__What to produce__: Copy word for word the line containing "TEMU 6/12 Stück" together with all lines following it to the end of the listing below, without the pictures.

__The input__:
• • • • •
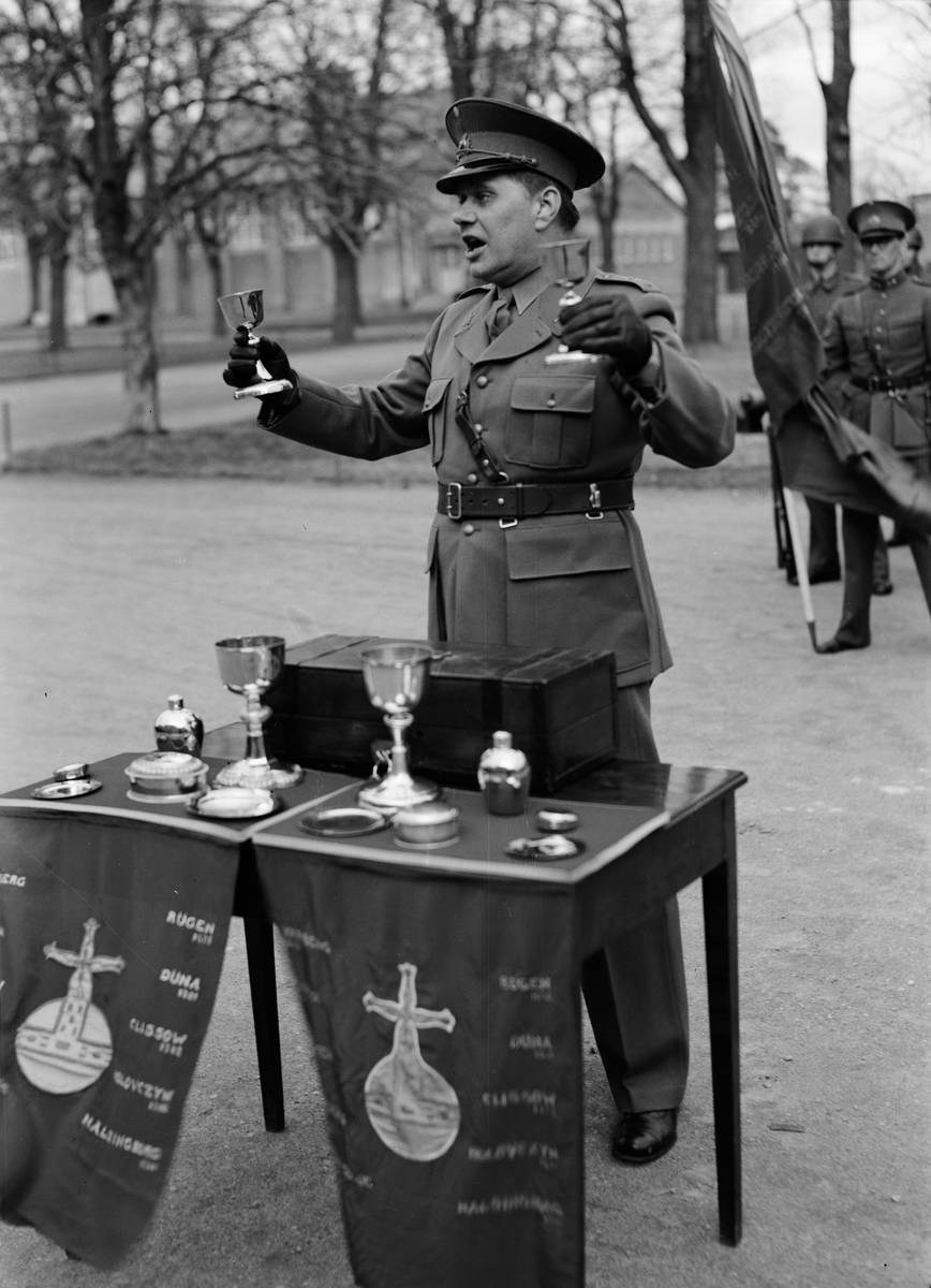 Kapten Carl Söderberg förevisar regementets nattvardskärl vid återinvigningen av Upplands Regementes bibliotek och mässar för manskap och befäl under utbildning
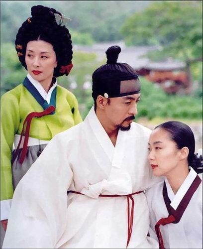 飾演鄭氏的全度妍的表現也比我預期的好。本來這一“苦情”類的角色就很悶,但全度妍將角色細微的心理變化不著痕跡地表現出來了。比較有難度的是當趙元來告別那一段,她其實早已心動,只不過沒有契機打開心房而已,這時心上人突然要永遠離開了,她又不好明留,只好吃個啞巴虧。全度妍在那幾個鏡頭中幾乎沒有特別動作,甚至臉部肌肉都沒怎麼動,但觀眾就是能看出她的神情已經由強裝鎮定變成了控制不住的痛心。憑那一刻,我們就知道這個號稱九載烈女的女人已經無藥可救了。像鄭氏這樣“悶騷”的女人,還真只能透過眼神來傳遞內心的渴望,當她再次見到趙元時那梨花帶雨的神情,傻子都知道什麼都不用說了,直接走完萬裡長征最後一步得了。其實,我覺得演素玉的那個演員也挺好,儘管那種天真純潔的樣子並不是我喜愛的類型,但憑直覺,初戀的16歲女孩還真是那種傻樣子。
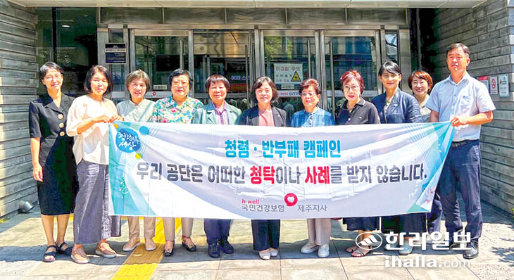 국민건강보험공단 제주지사(지사장 김영애)는 6일 민간단체(제주녹색소비자연대, 한국부인회제주지부, 소비자교육중앙회제주지부, 제주YWCA)와 함께 국민으로부터 투명하고 공정한 공단 이미지 정립과 윤리·인권 및 청렴문화 확산을 위한 '2023년 민간단체와의 청렴실천 간담회 및 캠페인'을 실시했다.
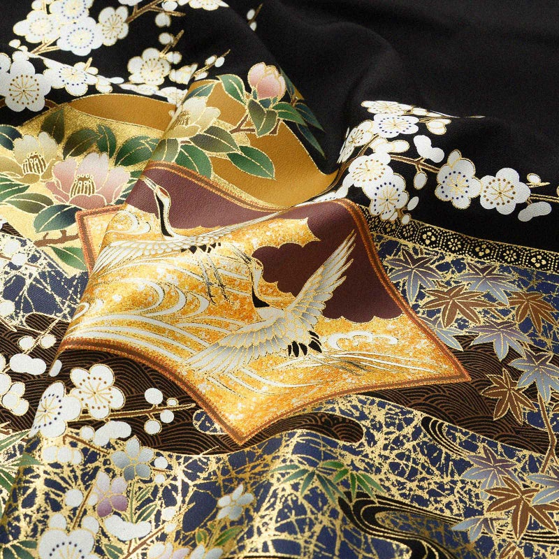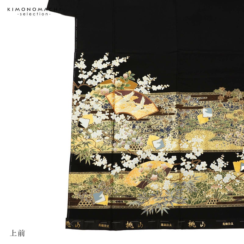 3. 【訳アリ】黒留袖 お仕立て上がり 単品「地紙に鶴」正絹 紋入れ代込み 留袖 結婚式 袷 プレタ 仕立てあがり【メール便不可】
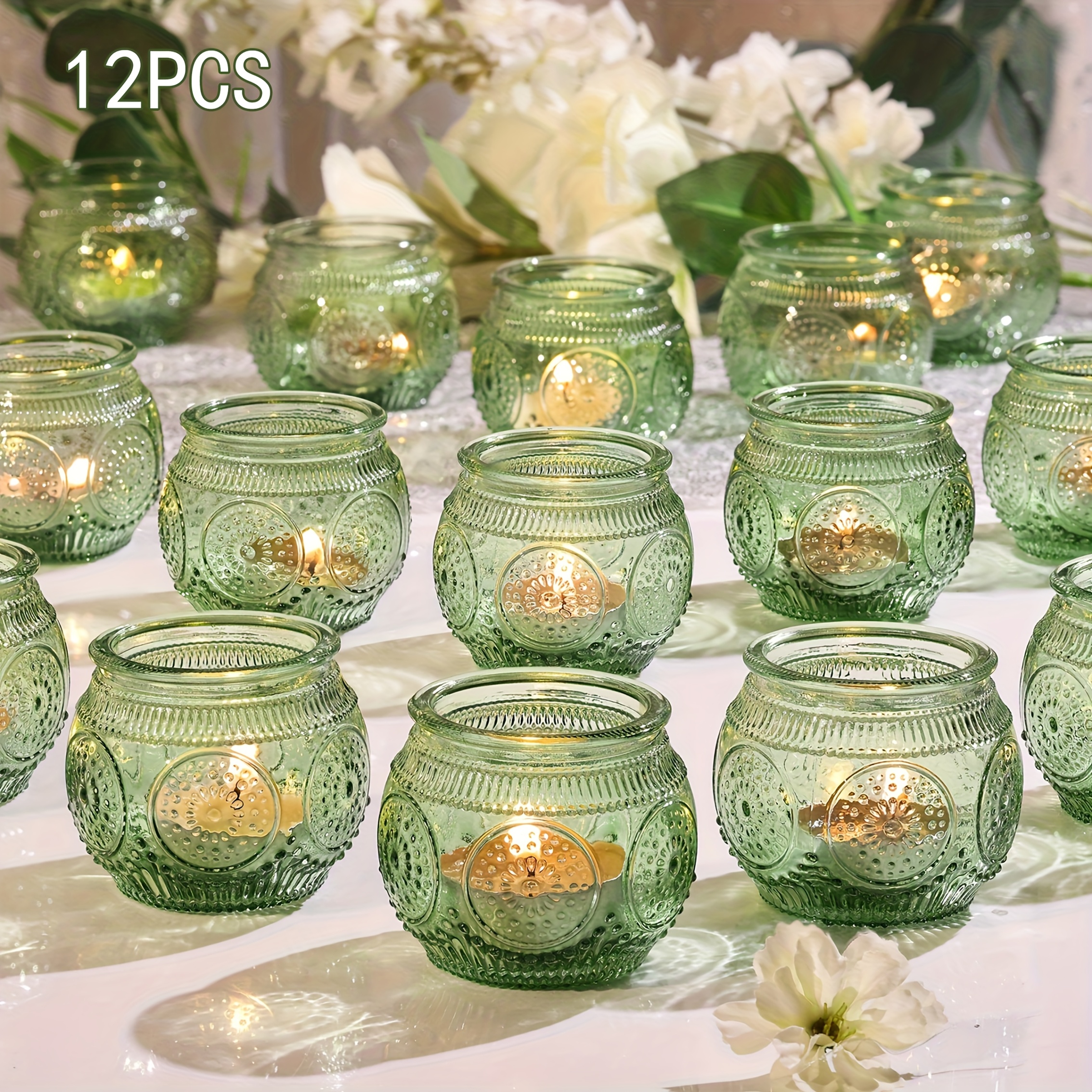 TEMU 6/12 Stück "Vintage Grüne Glas-Kerzenhalter –...
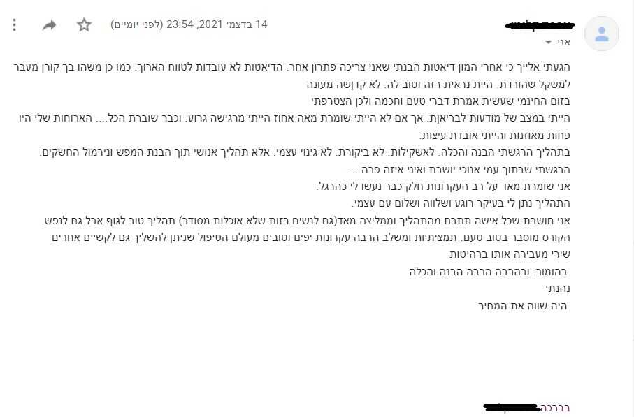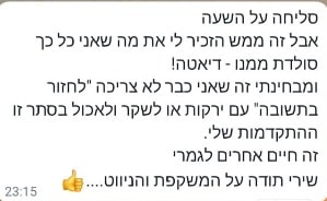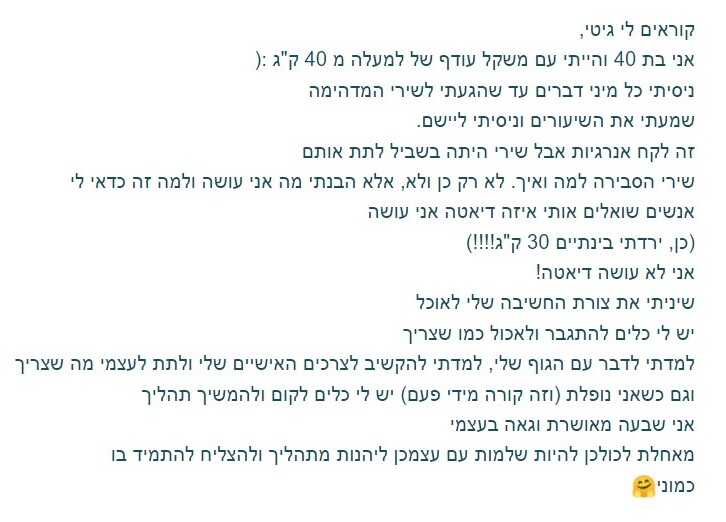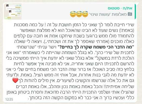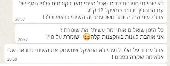 במהלך הדרך שלי גם המשקל שלי התאזן, וירדתי כעשרים קילו, למרות זאת – אני מבהירה ומדגישה בכל הזדמנות, שהתהליכים שלי אינם תהליכי הרזיה או מוכווני ירידה במשקל.
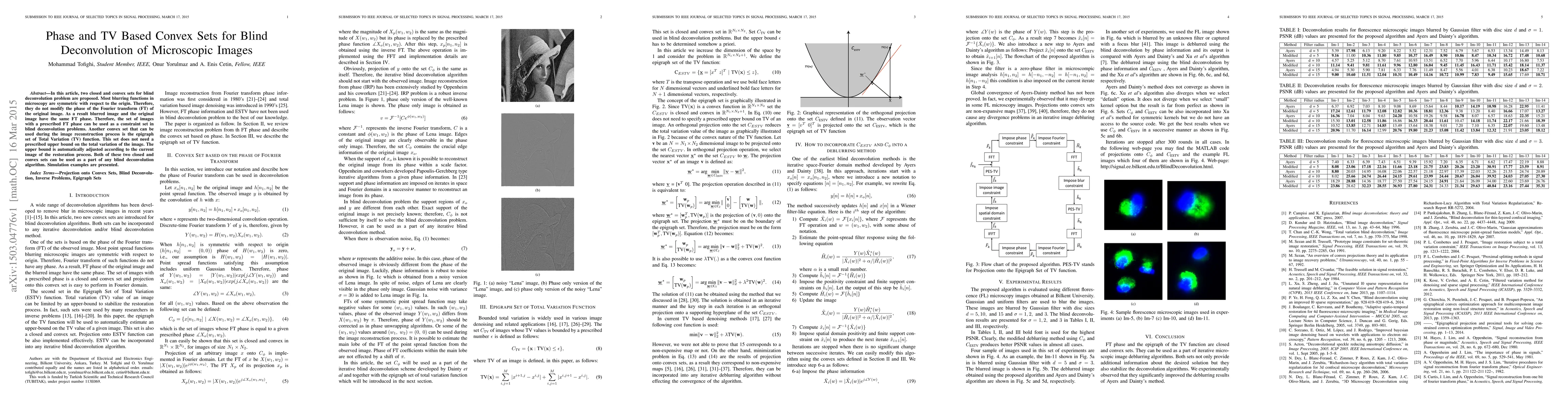 This paper proposes two convex sets—one based on the phase of the Fourier transform and the other on the epigraph of the Total Variation function—to enhance blind deconvolution of microscopic images. These sets provide constraints that adjust dynamically during the reconstruction process, improving image restoration without requiring a fixed upper bound on total variation.
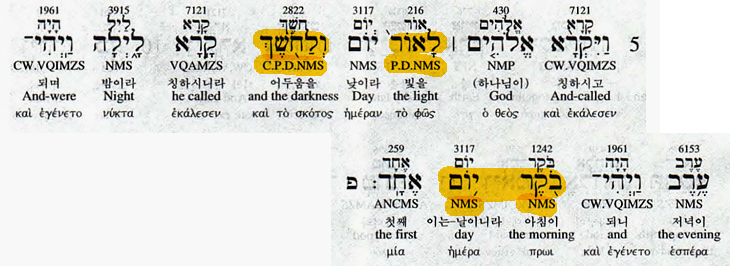 LXX: καὶ ἐκάλεσεν ὁ θεὸς τὸ φῶς ἡμέραν καὶ τὸ σκότος ἐκάλεσεν νύκτα καὶ ἐγένετο ἑσπέρα καὶ ἐγένετο πρωί ἡμέρα μία
• • • • •
__Answer section__:
 TEMU 6/12 Stück "Vintage Grüne Glas-Kerzenhalter –...
 במהלך הדרך שלי גם המשקל שלי התאזן, וירדתי כעשרים קילו, למרות זאת – אני מבהירה ומדגישה בכל הזדמנות, שהתהליכים שלי אינם תהליכי הרזיה או מוכווני ירידה במשקל.
 This paper proposes two convex sets—one based on the phase of the Fourier transform and the other on the epigraph of the Total Variation function—to enhance blind deconvolution of microscopic images. These sets provide constraints that adjust dynamically during the reconstruction process, improving image restoration without requiring a fixed upper bound on total variation.
 LXX: καὶ ἐκάλεσεν ὁ θεὸς τὸ φῶς ἡμέραν καὶ τὸ σκότος ἐκάλεσεν νύκτα καὶ ἐγένετο ἑσπέρα καὶ ἐγένετο πρωί ἡμέρα μία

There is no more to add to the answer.